But from a chemical engineer’s perspective, when you compare aviation fuels and shipping fuels, something becomes clear. Aviation requires a very specific suite of molecules—a narrow composition that must be met. No one is going to build a new generation of aircraft engines designed for something else when airframes last more than 20 years. That constraint is immovable. Right now, fuel is about 20% of an airline ticket’s cost, which means there’s room for the airline industry to pay more for decarbonized fuel.

That’s not the case in shipping. For shipping, fuel accounts for around 40% of operating cost per ton-mile. 

[EVD]: Shipping is a bit like trucking—it’s low margin. 

[PM]: They can’t afford a specific molecule, and as a result, whatever parts of shipping can’t electrify—which will already drive costs down—will just have to accept what’s available. And what’s available is methanol. They could also use ammonia, but that would kill people. I’m not on board with solving climate change by killing people just to save a buck, because that’s literally what we’re talking about. Ammonia is off the table for safety reasons—any chemical engineer who understands the basics of safety and design would reach that conclusion. You’d have to be seduced by a lot of money to think otherwise.

That leaves shipping with methanol, while aviation takes the easier-to-convert feedstocks. For example, vegetable oils that can be hydrotreated and hydrocracked to the right fuel composition. 

[EVD]: It actually took us a long time to reach a conclusion, and at first people weren’t fully understanding each other.
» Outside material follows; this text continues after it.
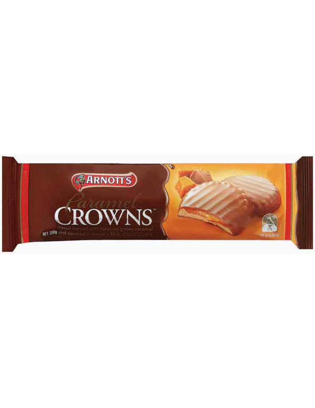 Arnott's Caramel Crowns is delicious biscuit, gooey caramel and Arnott's Real Chocolate, made from the finest cocoa ingredients and Australian natural milk products. Carefully combined to create your perfect indulgence.

To get there, we had to map everything out on a big whiteboard and ask: what do we actually have here?

We identified three basic forms of bioenergy to start with. First, fatty oils like vegetable oils and used cooking oil. Second, general biomass and waste streams that can be gasified to make methanol as a starting point or intermediate, which can also be imported. Third, ethanol from sources like corn or sugarcane. The EU isn’t supportive of ethanol for fuels because of the food-versus-fuel issue, so that option is off the table.

That left the other two. Methanol can be burned directly in ships, which is straightforward. It can also be converted to olefins and then olefins to kerosene for aviation. But even then, you can already see how many steps are involved. 
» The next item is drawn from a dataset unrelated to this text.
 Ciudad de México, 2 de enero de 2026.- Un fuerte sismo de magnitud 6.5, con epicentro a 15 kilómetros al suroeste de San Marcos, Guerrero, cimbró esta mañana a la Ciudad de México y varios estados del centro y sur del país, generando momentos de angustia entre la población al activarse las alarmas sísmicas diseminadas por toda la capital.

[PM]: Too many—far too many steps. 

[EVD]: It’s going to drive costs up. With fatty oils, you can use a hydrotreatment process with hydrogen and steer it in different directions. You can make more HVO biodiesel or something closer to heavy fuel oil for ships, or you can steer it toward mostly kerosene for sustainable aviation fuel. That process can be adjusted fairly easily, and kerosene is the most logical outcome.

The supply is limited, but if this is the cheapest route for aviation, aviation will simply outprice shipping. That was our conclusion—and that’s when Michael flipped his position. 

[MB]: That was the switch that did it for me. We have this limited amount of feedstock, and it’s the cheapest option that will work for aviation.

[EVD]: It’s the cheapest option for everyone, but for aviation the second-best alternative is such a big step down. 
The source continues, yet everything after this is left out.